Il faut dire que ce Silent Hill 4 bouleverse l’ordre établi : unique lieu de sauvegarde, plus de lampe ni de radio, certains ennemis invincibles, armes au corps à corps destructibles si trop utilisées… Pour la première fois dans la série, nous avons aussi droit à une vue à la première personne lors des séquences se déroulant dans le domicile du personnage principal, l’appartement 302. La Team Silent a donc clairement orienté le cap vers le changement, sans doute désireuse de faire autre chose mais craignant aussi, à raison, de lasser les joueurs en répétant le même schéma jusqu’à l’usure.

Le confinement selon Silent Hill

Rien que le choix du sous-titre The Room laissait déjà suggérer le changement de cap radical évoqué ci-dessus. Alors que les trois premiers jeux se déroulaient quasi-exclusivement dans la brouillardeuse ville ayant donné son nom à la saga (en-dehors de la première partie du 3), les mésaventures de Henry Townshend, protagoniste du jeu, débutent dans un simple appartement, non pas situé à Silent Hill mais plutôt dans sa périphérie. Ici, c’est donc Silent Hill qui vient directement au personnage alors que les protagonistes précédents avaient tous une raison personnelle de se rendre dans la ville maudite.

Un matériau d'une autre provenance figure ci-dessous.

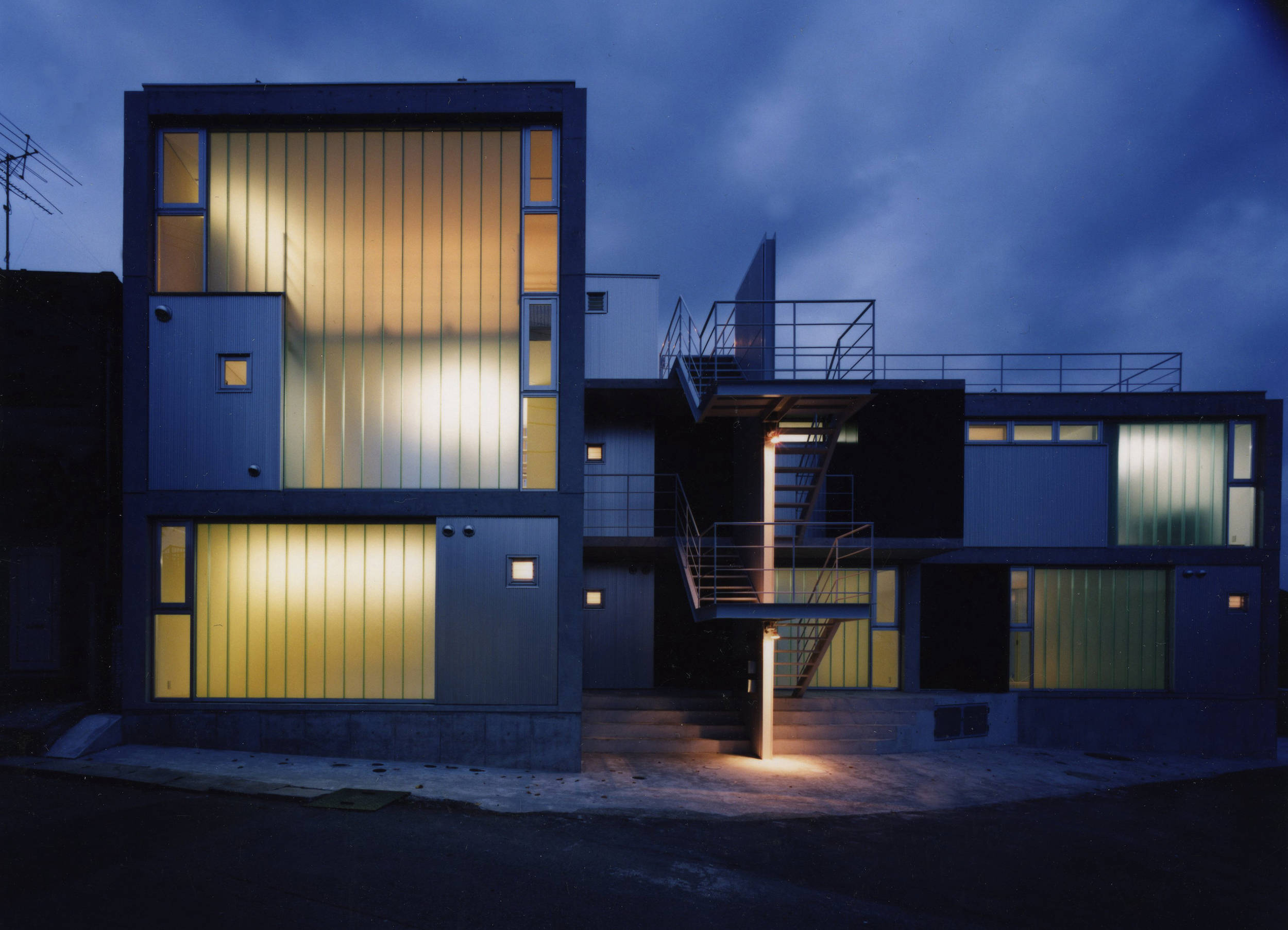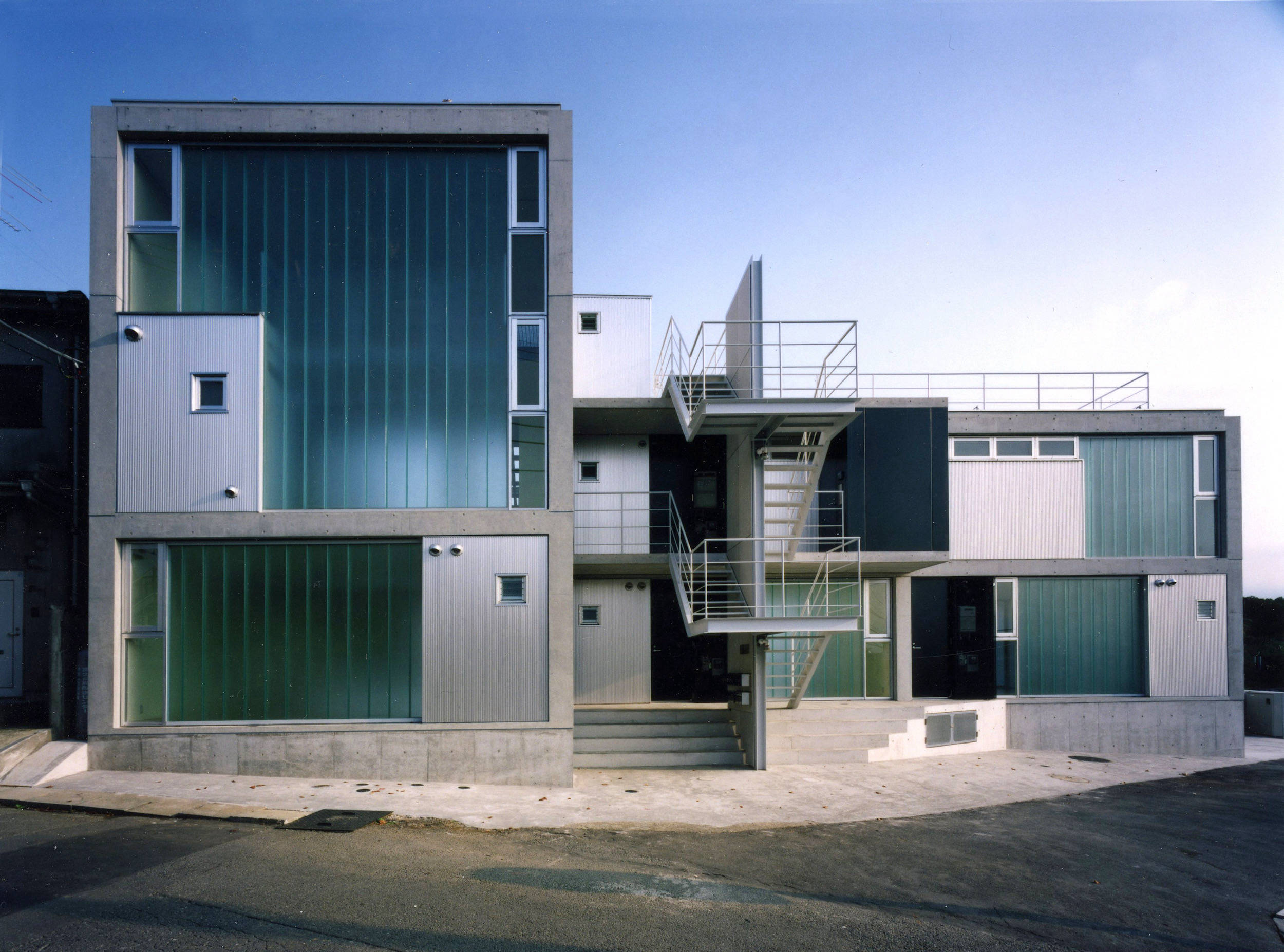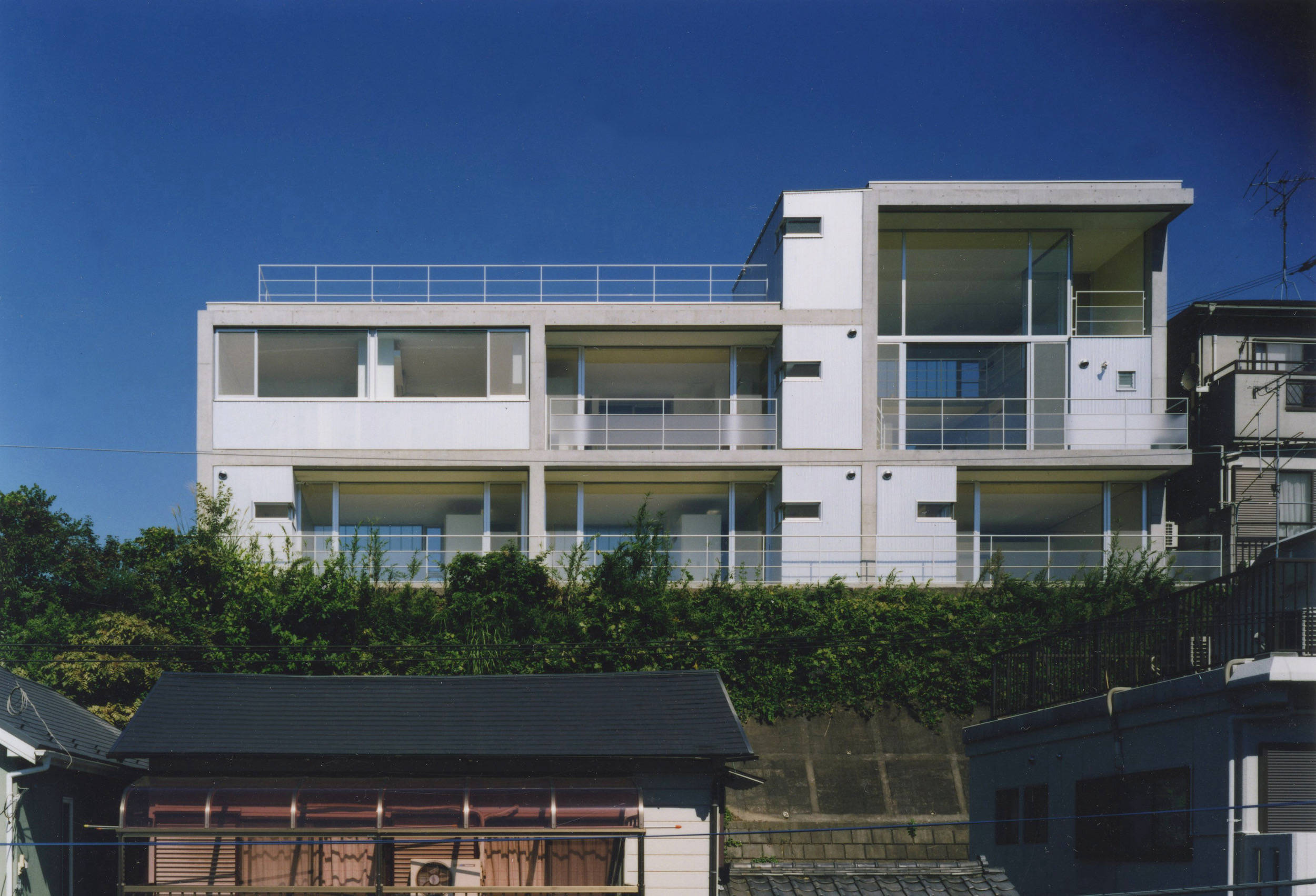 眺望のいい丘の上に建つ5世帯の小さな集合住宅です。北側接道の東西に長い敷地に対して、南側に間口いっぱいに開口を取り光をふんだんに享受するため、鉄筋コンクリート3階建の偏平ラーメン構造としています。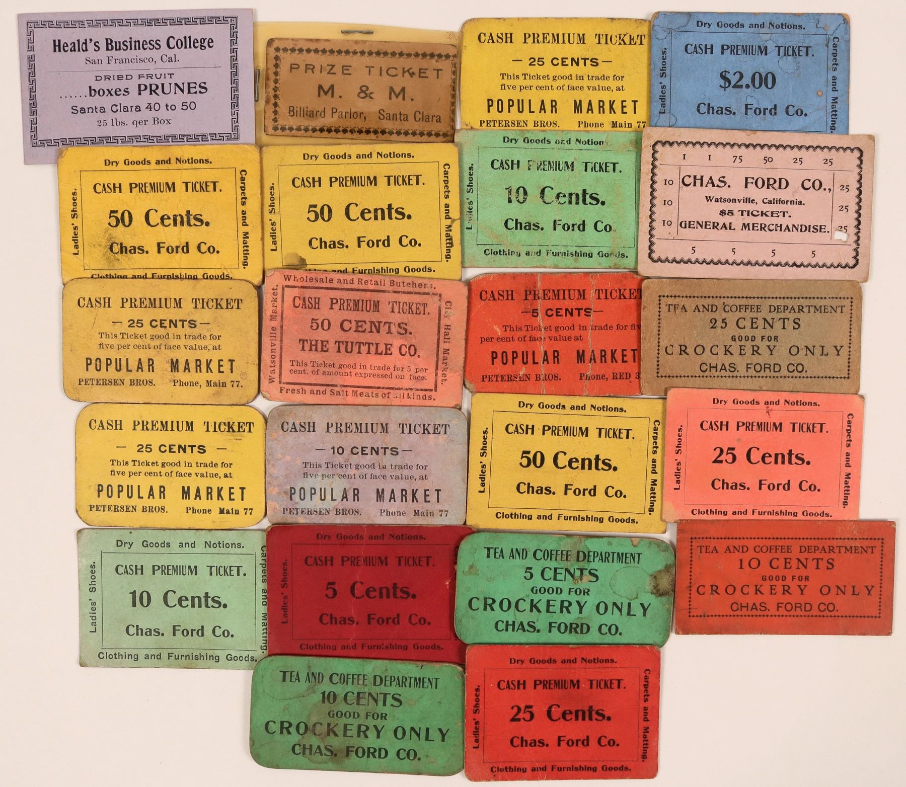 Lot of 19 cardboard tokens from Watsonville, one from Santa Clara, one from San Francisco.

Ce dénommé Henry va en effet avoir la mauvaise surprise, après plusieurs nuits hantées par des cauchemars, de découvrir sa porte solidement cadenassée et enchaînée depuis l’intérieur. Celle-ci est également ornée d’un message écrit en rouge et signé par un certain Walter lui ordonnant de ne pas sortir. Il lui est dès lors impossible d’interagir avec l’extérieur, ses voisins ne semblent rien entendre (bien que sa voisine Eileen ainsi que le concierge de l’immeuble soupçonnent quelque chose de louche), et son téléphone ne lui permettant pas de passer d’appel.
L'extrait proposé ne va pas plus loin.